Come si è fatto strada in un settore affollato di concorrenti?
«Con l'innovazione dentro la tradizione. Nel 1985 ho introdotto la novità delle bottiglie in vetro soffiato che creiamo in una nostra vetreria e questo ha portato notorietà e aumento del fatturato: mi sono regalato come premio un viaggio a Palma di Maiorca. Due anni dopo abbiamo incominciato col Prosecco, l'ho chiamato il Vino dei Poeti perché era quello che portavo a Roma, al Circolo del Flaminio, dove ogni domenica ci trovavamo con Mario Luzi, Mario Soldati, Alberto Moravia, Carlo Della Corte e Sandro Zanotto. L'amicizia con Soldati mi ha messo in contatto con Stefania Sandrelli che aveva un vigneto in Toscana e con la quale siamo diventati soci per produrre il Chianti. Ci vuole anche un po' di fortuna: nel 1989 ho conosciuto un ex generale dell'Esercito che aveva aperto un'enoteca a Sorrento, con i suoi limoni è nato il limoncello alla veneta, a base di grappa. Oggi facciamo un Gin italiano con bacche di ginepro della Toscana, limoni di Sicilia, salvia del Veneto, acqua delle Alpi».
Dite che vi copiano bottiglie e prodotti
«A volte nel mondo un brevetto non basta per proteggere i tuoi prodotti. Dal 1994, per esempio, lottiamo per tutelare un'altra idea, legata al Fragolino e suggerita dall'amico Sandro Zanotto. Siccome produrre questo vino non è legale, allora ho trovato una strada che mi permise di avere un successo incredibile: è nata una categoria di prodotti che non c'era, la bevanda aromatizzata a base di vino. Anche grazie a questo l'azienda toccò i 15 miliardi di lire di fatturato. Si aggiunse il vino dell'amore nato per la clientela canadese: un moscato dei Colli Euganei del quale vengono esaltati aromi di pesca e miele, una dolcezza che mi sembrò come l'amore, forte all'inizio, molto meno alla lunga. È un vino che si vende ovunque, nei duty free è al primo posto tra i vini e spumanti. Ci hanno sempre copiato in tanti, abbiamo un libro che si chiama il Libro delle imitazioni, negli ultimi anni abbiamo speso 600 mila euro di avvocati per proteggere il nostro marchio e i nostri brevetti».
C'è anche uno stile Bottega per le bottiglie
«Le novità spesso nascono da scoperte casuali. Una volta ero in Puglia nel ristorante del fratello di un ex difensore della Juventus, Nicola Caricola, ma anche Carmelo era stato un buon giocatore col Bari.

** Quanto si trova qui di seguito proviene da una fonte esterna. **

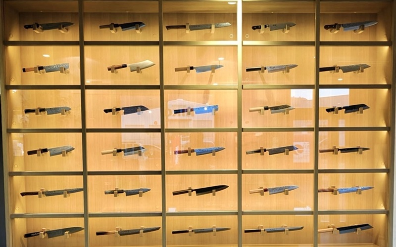 包丁や鋏を中心としたコーナー。国内の厳選した刃物を見て、手に取る事ができます。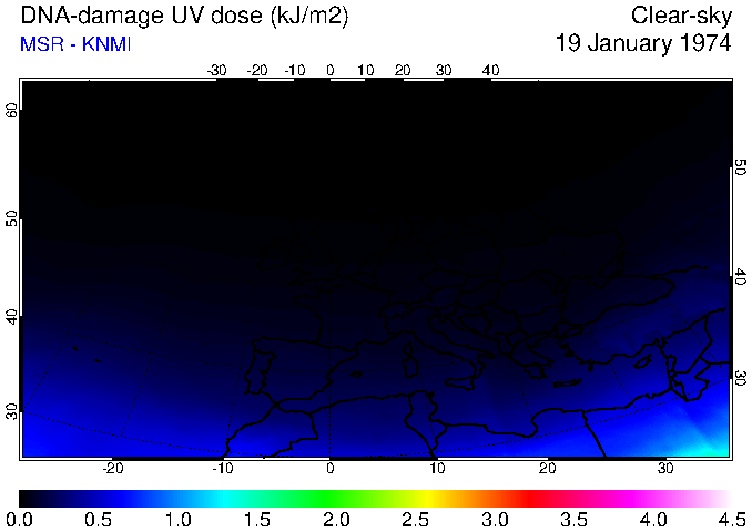 DNA-damage UV dose of 19 January 1974

Aveva un collezione di bottiglie di champagne che sembravano tutte uguali, una sola si distingueva, era sotto la luce e brillava. Pensai che dovevo verniciare le nostre bottiglie. Era il 2001, incominciai con la grappa e la bottiglia vinse il premio per il miglior prodotto; tre anni dopo a Natale lanciai il Prosecco in bottiglia dorata: è il concetto di lusso accessibile, oggi ne facciamo un milione di bottiglie. Per Hiroshima abbiamo creato una grappa con una bottiglia che ha all'interno la colomba della pace in vetro, per aiutare il museo della città simbolo della tragedia nucleare».
Cosa rappresenta oggi il Prosecco per il Veneto?
«Negli anni '80 si cercava di fare un prosecco che fosse un'imitazione dello champagne, invece di esaltarne gli aromi tipici delle sue uve. Il prosecco si è trovato al posto giusto al momento giusto, aiutato anche dalla crescita straordinaria della cucina italiana nel mondo. In Francia ci sono 7 mila ristoranti italiani, a Tokio sono 6 mila. Quanto alla cucina contesto soprattutto quegli chef che passano troppo poco tempo a cercare l'ingrediente. Ha ragione Arrigo Cipriani, il patron dell'Harry's Bar, quando dice che gli chef non fanno più il loro mestiere ma sono sempre in tv; e sul fatto che l'espressione della vera cucina italiana è la trattoria e che il segreto è nell'accoglienza».